Reverse Mortgage

For individuals reaching retirement age, a reverse mortgage seems like a great way to supplement their fixed income.

If a home is debt free, has no inherent structural faults and contains any significant equity, mortgage companies are loaning seniors’ money based on the equity of their property. This money can be dispensed in multiple payments or in one payment for the full property value.

Since there is no monthly payment there is very little pressure on the individual signing on to this type of mortgage. Mortgage companies recoup their loans when the mortgage owner dies, enters an elderly care facility or the property is sold.

Cash strapped retirees are signing onto such mortgages at an alarming rate. Even though interest is added onto these loans and must be repaid when the mortgage company collects from the individual or their estate, no one seems to be paying any attention.

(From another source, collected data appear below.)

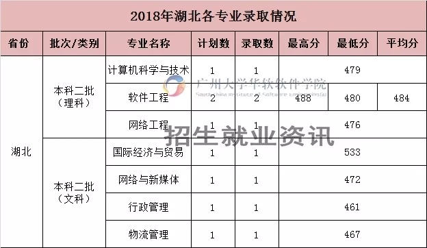 广州大学华软软件学院2018年录取分数线(全国分省分专业)公布: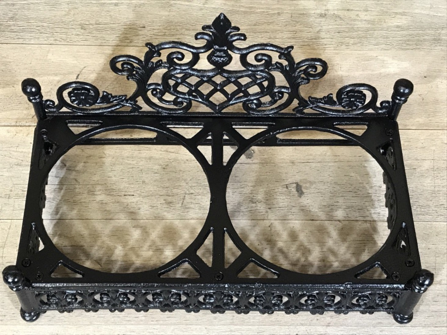 Solid ornate black cast iron stand with 2 stainless steel bowls for pets especially dogs.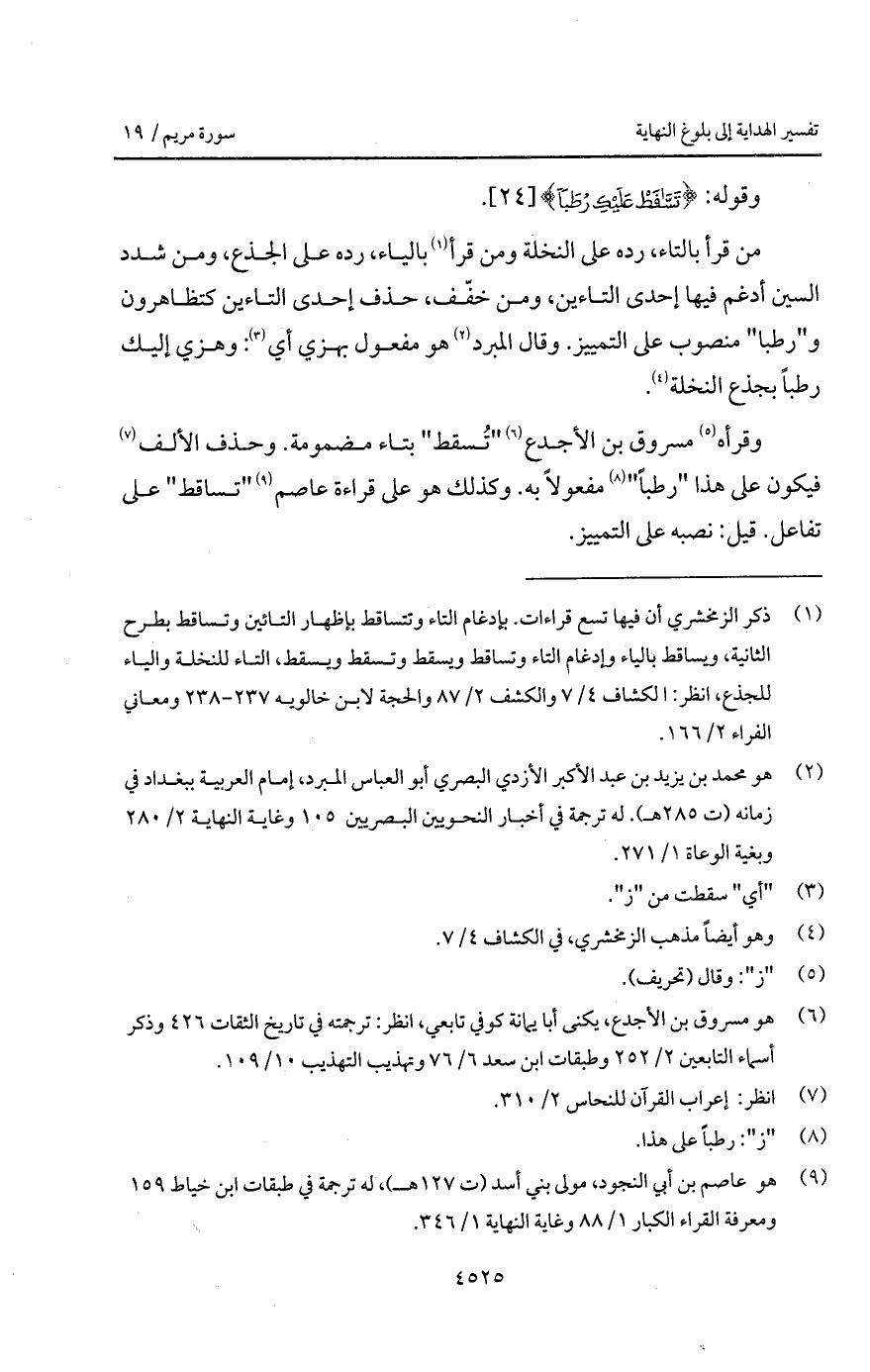 من قرأ بالتاء، رده على النخلة ومن قرأ بالياء، رده على الجذع، ومن شدد السين أدغم فيها إحدى التاءين، ومن خفّف، حذف إحدى التاءين كتظاهرون و " رطبا " منصوب على التمييز. وقال المبرد هو مفعول بهزي أي: وهزي إليك رطباً بجذع النخلة.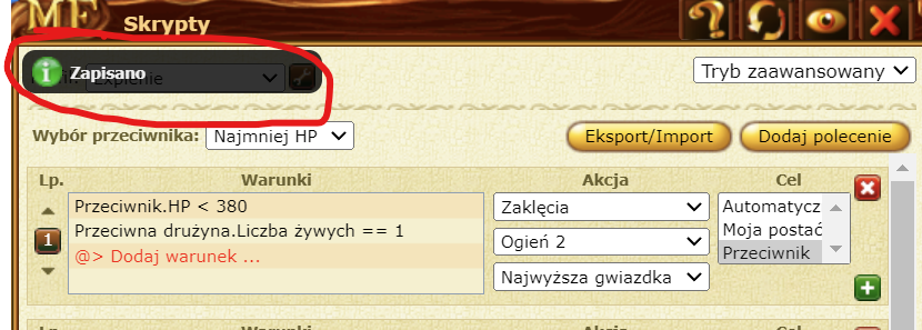 Posiadam 3 skrypty - Balance, Mag oraz Woj (wiadomo o co chodzi :p). Zmieniając pewne warunki w skrypcie, zmiany zapisuje się tylko i wyłącznie na tym jednym. W momencie kiedy chciałbym exportować, a potem importować skrypt do innego profilu, ponieważ chciałbym mieć to samo w każdym, przy kliknięciu przycisku "Zapisz", pojawia się komunikat "Zapisano", króry totalnie zasłania opcję "szybszej" zmiany profilu np. z "Mag" na "Woj". Za każdym razem, muszę odczekać coś ok. 3-4s, aby móc zmienić profil na inny - CHYBA ŻE, grałem dużo w CS'a i mam dosyć dobrego cela myszką, żeby kliknąć szybciej "drop down box" przez wyskoczeniem komunikatu (choć, jest to dobry trening na pamięć mięśniową :cool:).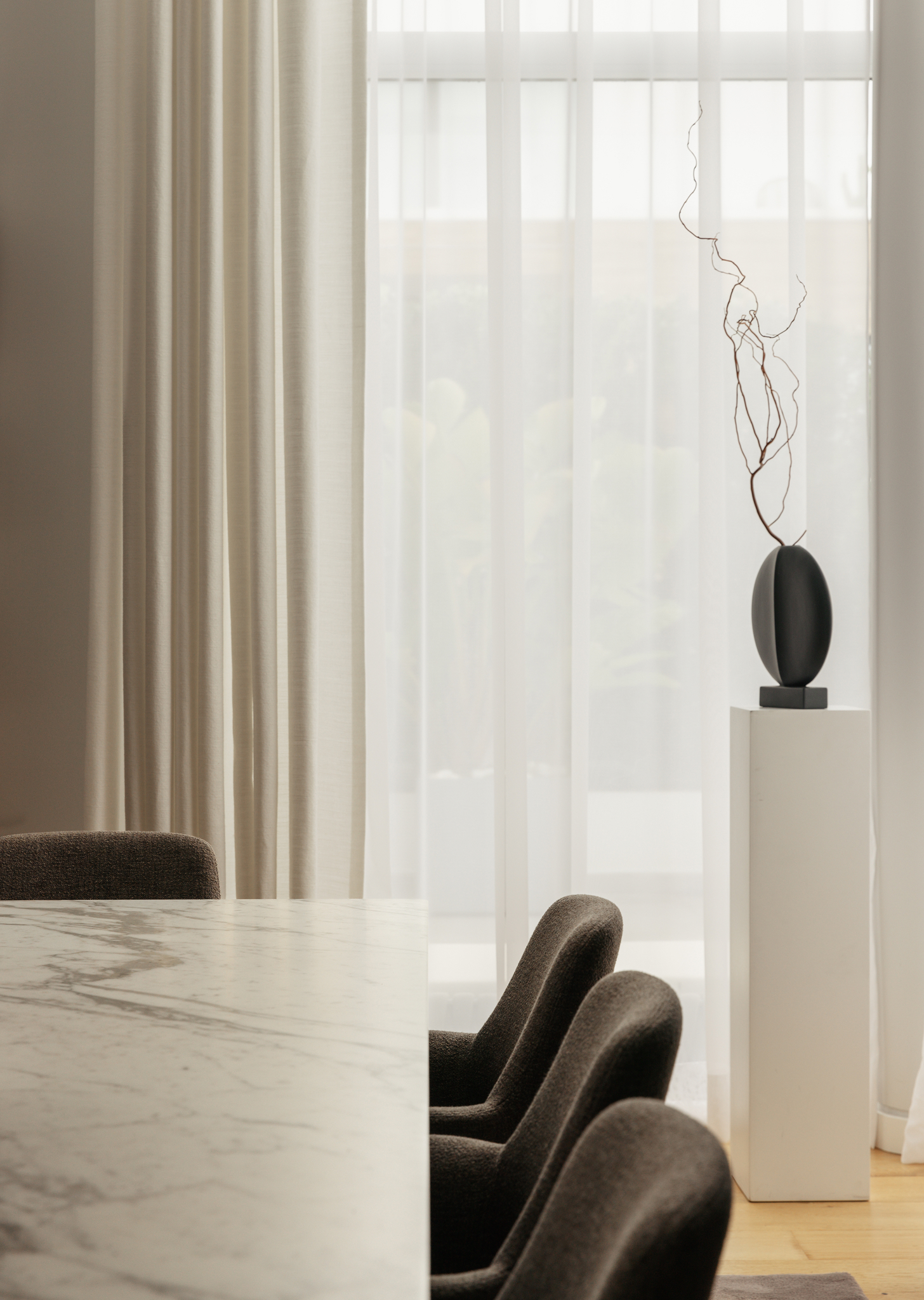 The end result proves that Design can achieve a perfect balance between warmth and serendipity. This is a home built on simple but textured layers, as in a warm embrace. Soft, suave, sensual, avoiding a too-linear and minimal perspective, while making sure it stays effective for the daily use of a family. By the sea, side by side.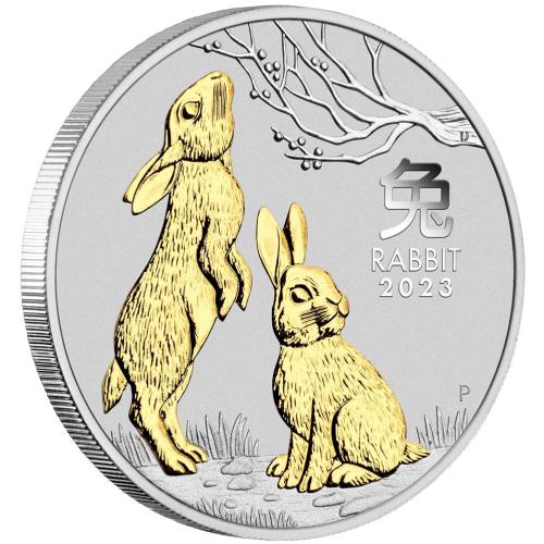 Fine Silver Coin Gilded Rabbit 2023 1oz Coin & Cert Only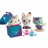 The set is designed for creating and painting plaster figures featuring the doll character Gabby. It sparks imagination.

In the United States, an individual must be 62 years old or older in order to get a reverse mortgage. Financial counseling is a prerequisite to insure the individual and others involved in their estate fully understand what is entailed in a reverse mortgage. The financial counselor must be approved by the Department of Housing and Urban Development.

Real estate taxes and home insurance must be kept up, if not, the loan could go into default. Interest and fees inherent in a reverse mortgage and added to the principal are usually far greater than those accompanying a conventional mortgage.

It is wise to do a little homework before signing on to any type of mortgage.